In a paper presented during the Society for Information Display conference in Seattle, UDC said the device, which uses red, green and blue emitters to produce a white light source, offers 38Cd/A and 18.4lm/W. Its external quantum efficiency (EQE) is 16 per cent at 1,000cd/m², and the CIE coordinates (describing the colour balance of the emission, where (0.33, 0.33) is ideal) are (0.39, 0.39).
UDC said the high performance is thanks to the use of phosphorescent dopants for each of the three RGB emitters. The company has in the past reported its technique of using complexes containing heavy metal atoms to break quantum ‘selection rules’ that limit the efficiency of emission to around 25 per cent.
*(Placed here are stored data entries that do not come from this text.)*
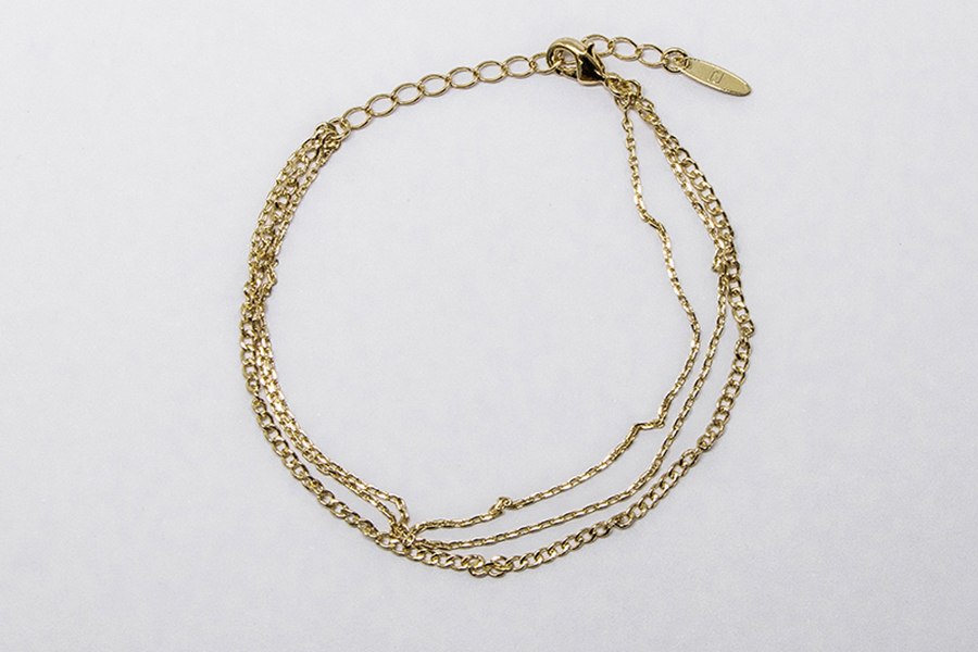 PULSEIRA BANHADA EM OURO, ELO 2mm LARGURA, 14cm COMPRIMENTO, ZIRCÔNIAS QUADRADA E GOTA COLORIDAS
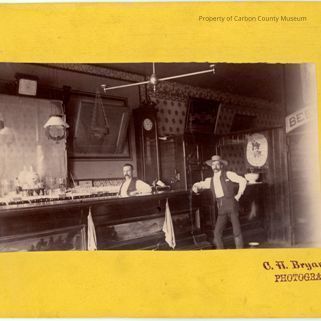 Black & white print on yellow mat. Image of interior of saloon with two men, one on each side of a bar. The bar has pictures painted on panels in front. Hanging beneath the bar are hooks on which towels are hung. Glasses line a shelf behind the bar & a window is tilted open on wall above. A grandfather clock is to photo right of the window. A wood cabinet is next to clock, it has a faucet & lever on the side & the doors on the front look like ice box latches. Several lamps are hanging above the bar. The man behind the bar has short hair, mustache & wears a dark vest over a white, long sleeve shirt. The man in front wears dark slacks, vest, a white shirt & wide, flat brimmed hat. He has a watch chain & fob & rests his right elbow on the bar with his left on his hip. Engraved on lower right corner: "C. H. Bryant & Co., Photographers"
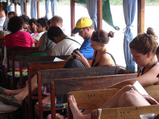 Endlich geht es dann ab aufs Boot und wir haben Glueck. Jeder hat eine ganze Bank fuer sich. Und anfangs ist das Boot auch verhaeltnissmaessig leer. Das aendert sich dann aber kurz vor der Abfahrt. Und hier zeigt sich dann, dass eine Reisegruppe nicht immer von Vorteil ist. Da wir vor den anderen die Grenze verlassen haben waren wir entsprechend frueh auf dem Boot und konnten unsere Plaetze sichern. Die anderen muessen sich dann aber jetzt (wie auch eigentlich vorgesehen) zu zweit auf die Holzbank setzen. Und wir haben Glueck. Bevor wir unsere Baenke teilen muessen sind die letzten Backpacker eingetroffen. Luxus!!!
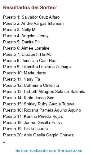 Lista de participantes: Ijmc Mi Vida, ShirleysiTa OnoFre, Michalle Shishido, Edita Castro, Janeth Garrido Palomino, Maria Iriarte, Lucia Aguilar, Olnkx Orzco, Verito Cordova, Jacky Lira, Catherine Chilenita, Angela Vasquez Torres, Roxana Pamela Aquino Aquino, Milagros Carrera, Antu Kath, Abie Gaella Carpio Chavez, Edith Aponte Pomasoncco, AdRii Odiaga, Xto Grazie, Maria Sulca P, Kirito Joeng Soe, Angeles Jenny, Danita Pili, Elizabeth He-Ab, Nelly ML, Jacqui Vasquez, Karitho Pinedo Rojas, Tanny Lizbeth ZP, Lilianitha Lescano Zuloaga, Kyara Aguilar, Jennicita Cast Rom, Salvador Cruz Alfaro, Nathaly Lua, Myriam Sg, Shirley Ruby Garcia Tutaya, Jannet Gisella Huisa, Paolita La Dulcecita, Maritabella Rosario, Allison Gutierrez Guanilo, Nany F'a, Linda Laurita, Qm Milagros Mirella, Cinthya Fards, GraCe Suarez Sànchez, Lisbeth Milagros Salazar Saldaña, Rocio PF Moran, Elvira Vásquez, André Vargas Infansón, Aimée Lorraine.
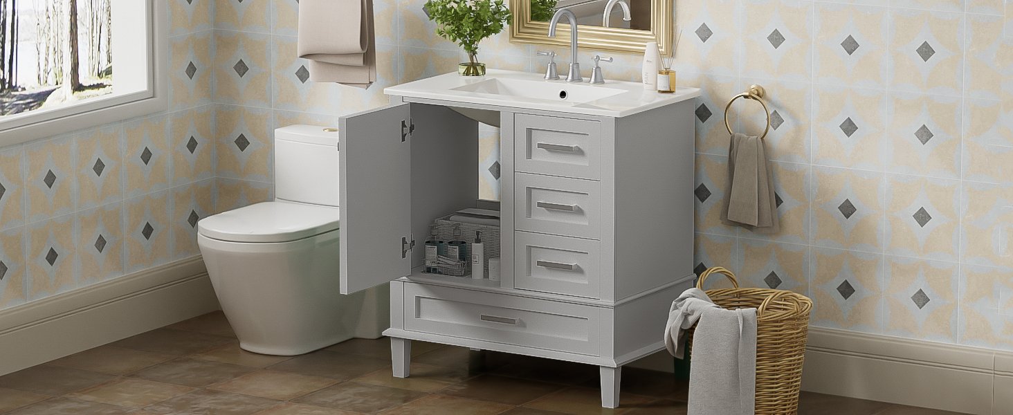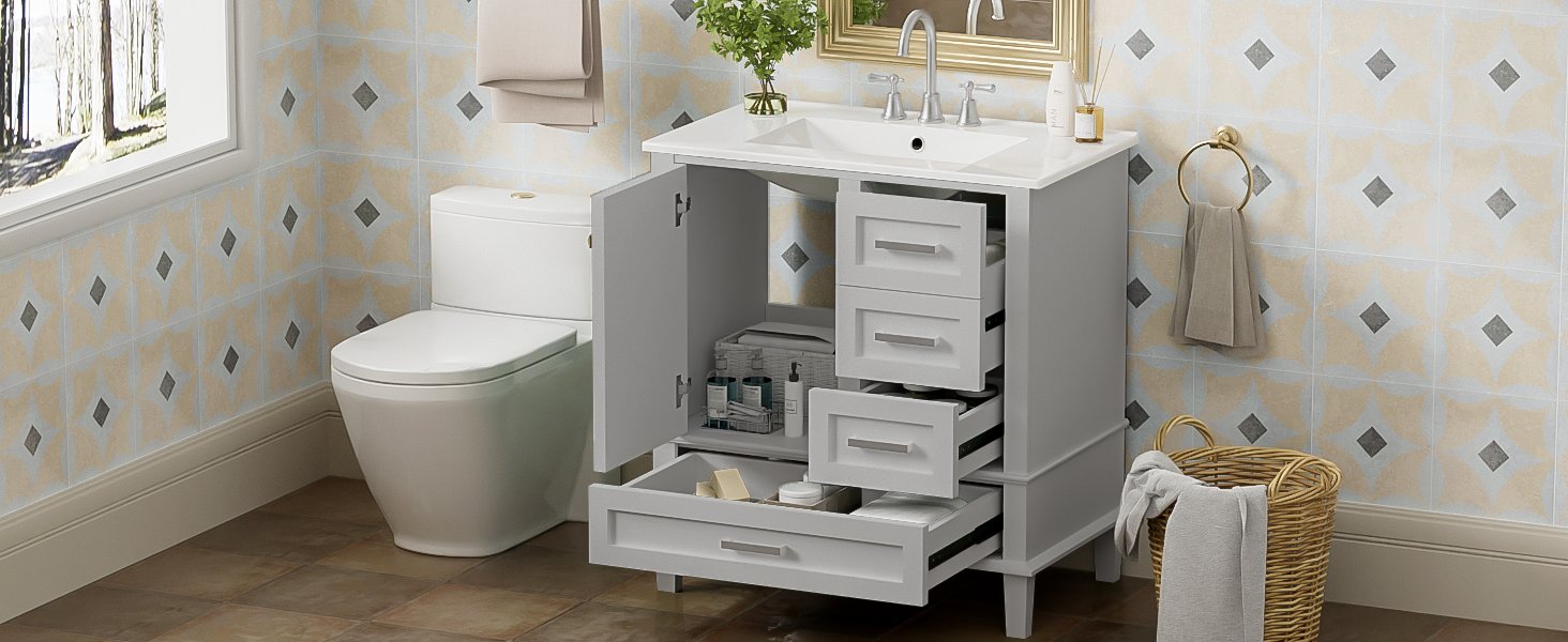 • Keep Your Bathroom Organized: Features 1 cabinet and 3 drawers of different depths and widths for neat organization of bathroom essentials.
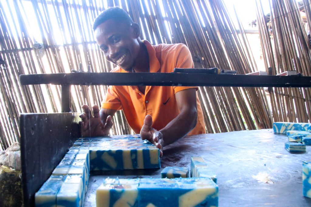 Manasse has a bachelor’s degree in Economics but struggled to find a job in Burundi’s unfavourable employment market. He turned to entrepreneurship because he wanted: “to become a job creator, instead of a job seeker”. He teamed up with three other young men and they invested their savings to launch the Ishaka soap-making business. The team collects and dries palm nuts, then grinds them to obtain the palm nut oil. The palm oil is then used to produce soap. On average, Ishaka produces 6,000 kg of soap per month and they sell the totality of their produce.
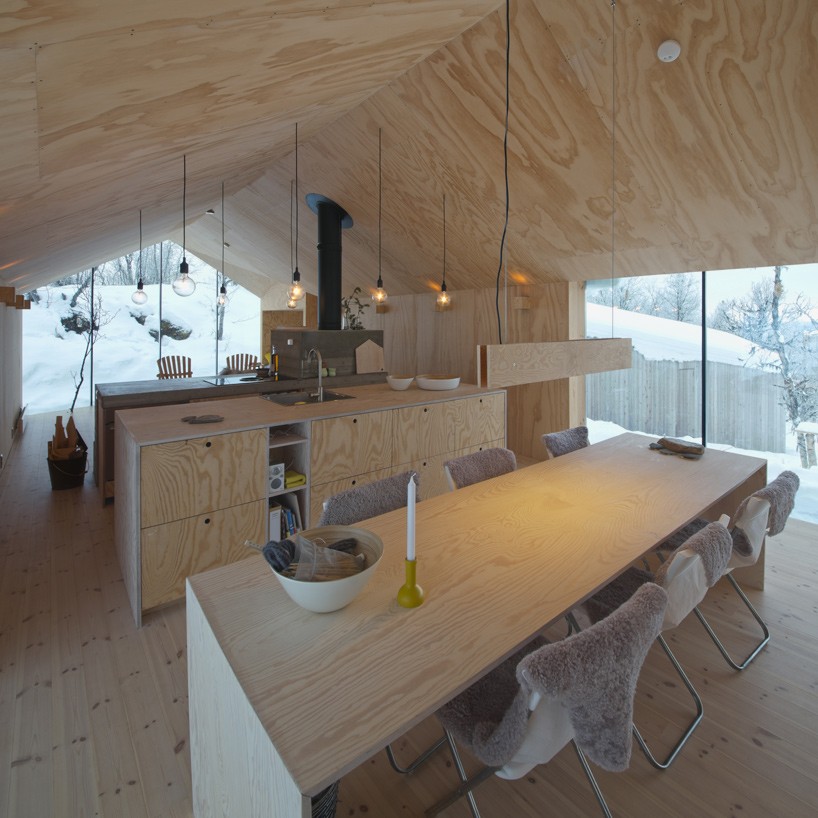 Lesena zimska koča “V”, ki jo najdemo na nižji vzpetini centralne Norveške, je primerna za udobno življenje pet članske družine v vseh letnih časih, arhitekte biroja Reiulf Ramstad Architects pa lahko obtožimo za njen inovativen tloris, ki spominja na črko v. Takoimenovana koča “V” je svojo obliko dobila po zaslugi oblike zemljišča, na katerem je zgrajena, saj je le-to razdeljeno na dva dela, ki sta združena pod kotom 45 stopinj. Notranjost lesene zimske koče je tako razdeljena na dve krili. Prvo obsega prostorno kuhinjo in dnevno sobo, medtem ko v drugem najdemo več zasebnih sob s steklenimi stenami, ki ponujajo čudovit pogled na mirno naravo.

These dopants promote the conversion of electrons from short-lived fluorescent singlet states to radiative phosphorescent triplet states. The effect is to reduces the power consumption for a given colour intensity, particularly in red emitters. UDC said PHOLEDs like these have now been made in a range of colours with high EQEs. For example, green, orange-red, and red emission has been demonstrated with EQEs of 19, 14 and 12 per cent, respectively.
By using three emitters, the UDC team obtained a good match between the RGB colour filters typically used in full-colour displays, since together these filters effectively span the entire spectrum. Simpler two-emitter systems which appear to the eye to be white could be used (for example blue-yellow), but the drawback, according to UDC, is a lack of emission in the green and deep red.
Results are encouraging, but the paper admitted that, while red and green emitters have been shown to last for between 15,000 and 25,000 hours, the lifetime of blue PHOLEDs is still not good enough for commercial applications.